--使用子查询提升count distinct的效率
数据库:38_6543 db_hyrhk
--1.count distinct很有用,但太慢
----Count distinct是SQL分析时的祸根所以拿它来做个例子
----首先,让我们以我们一直使用的一个简单查询开始:查看案件涉及当事人大于200的案件
select
t_aj_all.c_ajbh,
count(distinct t_dsr_allbak.c_bh)
from t_aj_all
join t_dsr_allbak on t_dsr_allbak.c_ajbh = t_aj_all.c_ajbh
group by t_aj_all.c_ajbh having count(distinct t_dsr_allbak.c_bh)>200
order by count desc
耗时:8.573s
----它慢是因为数据库遍历了所有当事人以及所有的案件,然后join它们,再将它们排序,这些都在真正的group和分组和聚合工作之前。
--2.先聚合,然后Join
----group-聚合后的任何工作代价都要低,因为数据量会更小。:
select
t_aj_all.c_ajbh,
dsr.ct
from t_aj_all
join (
select
c_ajbh,
count(distinct c_bh) as ct
from t_dsr_allbak
group by c_ajbh having count(distinct c_bh)>200
) dsr
on dsr.c_ajbh = t_aj_all.c_ajbh
order by dsr.ct desc
耗时:7.822s
----正如设计的,group-聚合在join之前。
--3.先将数据集缩小
----我们可以做的更好。通过在整个当事人表上group-聚合,我们处理了数据库中很多不必要的数据。

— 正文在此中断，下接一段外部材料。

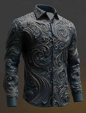 Homens Textura Redemoinho 3D Floral Intrincado Camisa Social camisa de botão Manga Longa Vintage retrô Estilo gótico escuro Ao ar livre Feriado Primavera Outono Aberto para a Lateral Impressão 3D
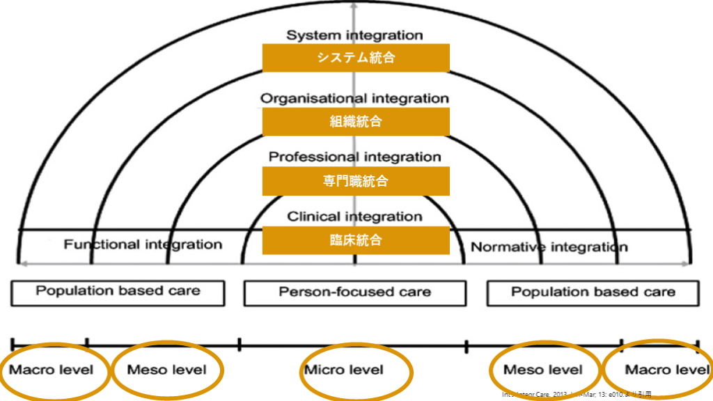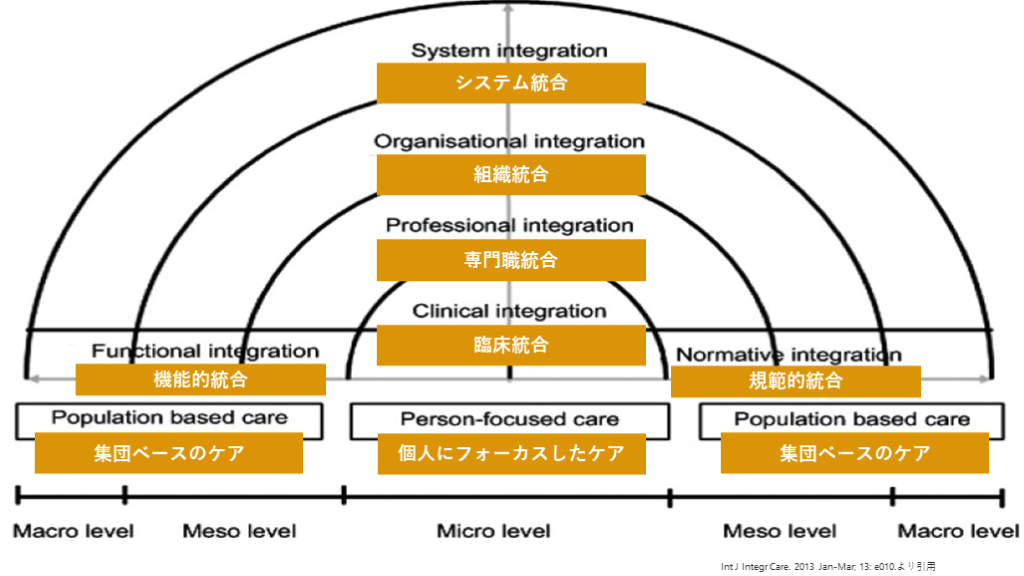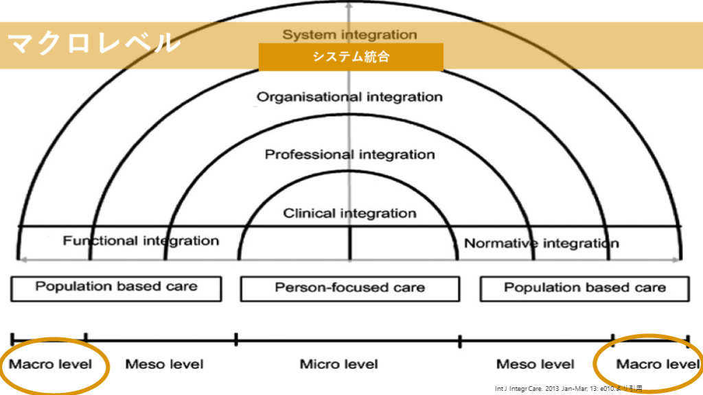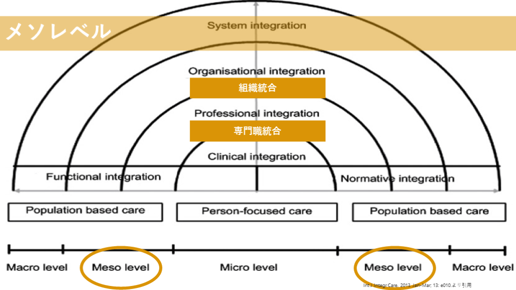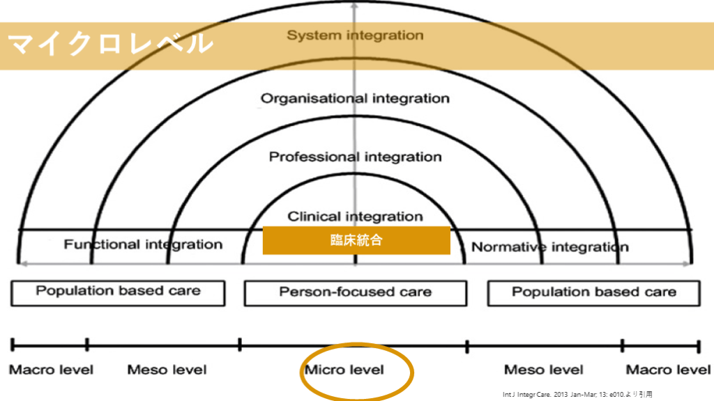 統合の次元:システム統合(マクロ)、組織統合・専門職統合(メソ) 臨床統合(ミクロ)
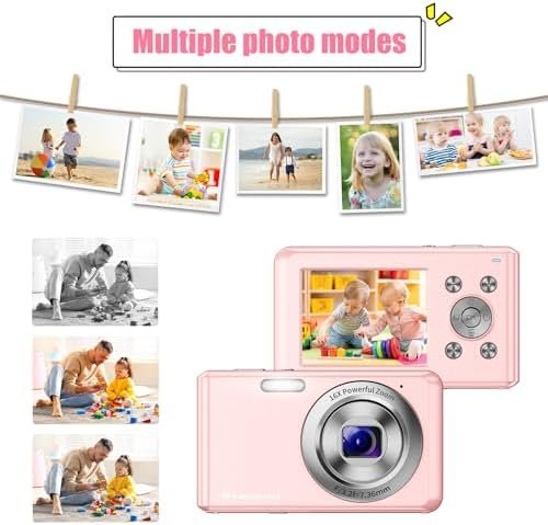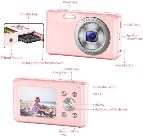 Digital Camera, HD 1080P Compact Camera with 32GB Memory Card, 48 Megapixel Camera, 2.4-inch LCD 16x Digital Zoom Digital Camera for Kids, Girls, Teens, Boys and Beginners(Pink
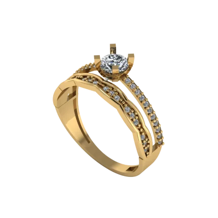 Широкий верх в золоте, полностью усыпанный мелкими камнями и собранный в мягкую асимметричную форму; плотная россыпь даёт яркое мерцание, а плавная шинка поддерживает аккуратный силуэт без резких деталей.
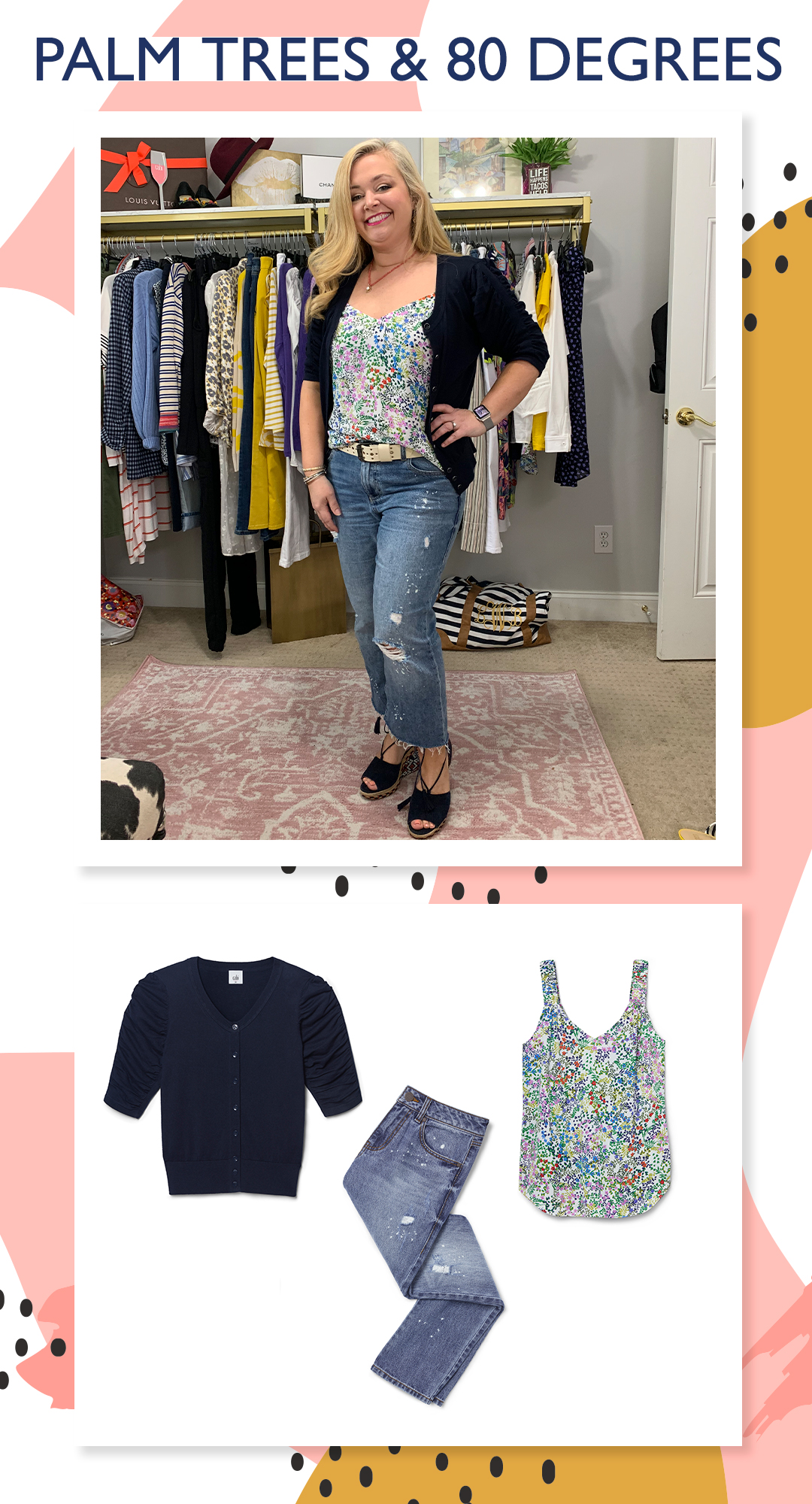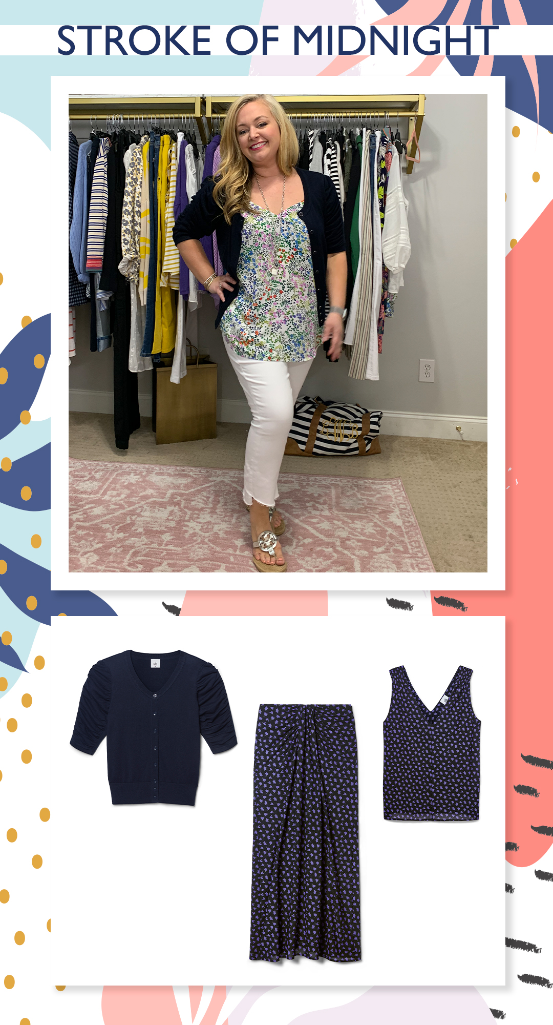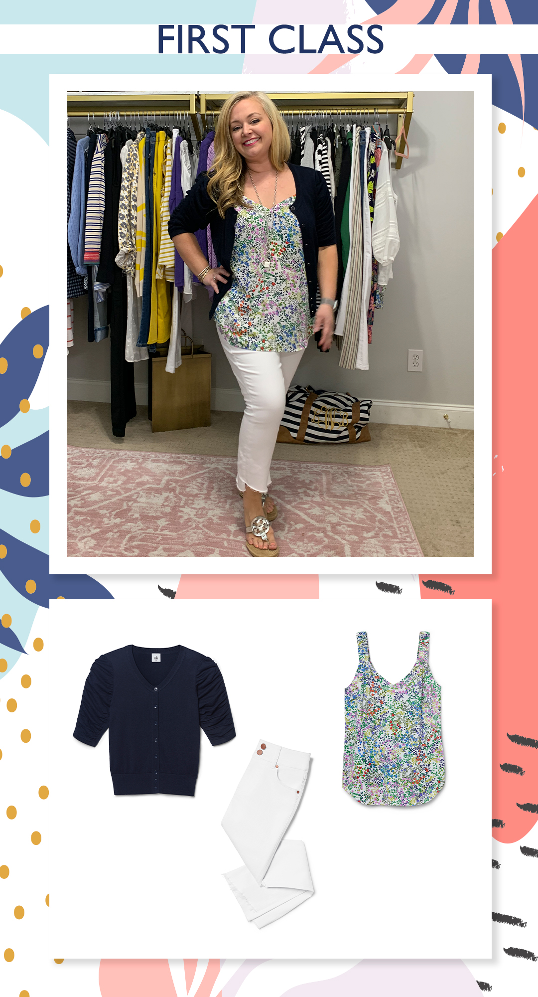 Style Tip: Add a floral blouse for a pop of print against solid colors. It’s the perfect way to spice up a classic navy and white look!
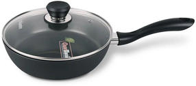 Сковорода Maestro MR1205-28 изготовлена из высококачественного литого алюминия, что обеспечивает прочность и долговечность изделия. Благодаря этому материалу сковорода подходит для всех типов плит, включая индукционные. Крышка сковороды выполнена из термостойкого стекла, что позволяет наблюдать за процессом приготовления пищи. Специальное отверстие для выхода пара обеспечивает равномерное распределение тепла и предотвращает выкипание жидкости. Удобство использования сковороды Maestro MR1205-28 обеспечивается благодаря удобной бакелитовой ручке и внутреннему антипригарному покрытию Quan Tanium с частицами титана. Это покрытие предотвращает пригорание пищи и облегчает процесс мытья сковороды. Сковорода Maestro MR1205-28 подходит для приготовления разнообразных блюд, включая мясо, рыбу, овощи и гарниры. Выбирая сковороду Maestro MR1205-28, вы получаете качественный и функциональный кухонный инструмент, который станет незаменимым помощником на вашей кухне. 3 360,00 ₽ / шт

----我们可以预先计算差异,而不是处理全部数据,这样只需要一个哈希集合。然后我们在此基础上做一个简单的聚集即可。
select
t_aj_all.c_ajbh,
counts.ct
from t_aj_all
inner join (
select distinct_dsr.c_ajbh,
count(1) as ct
from (
select distinct c_ajbh, c_bh
from t_dsr_allbak
) as distinct_dsr
group by distinct_dsr.c_ajbh having count(1) >200
) as counts
on counts.c_ajbh = t_aj_all.c_ajbh
order by counts.ct desc
耗时:1.948s
----我们采取内部的count-distinct-group,然后将数据拆成两部分分成两块。第一块计算distinct (c_ajbh, c_bh) 。第二块在它们基础上运行一个简单group-count。跟上面一样,最后再join。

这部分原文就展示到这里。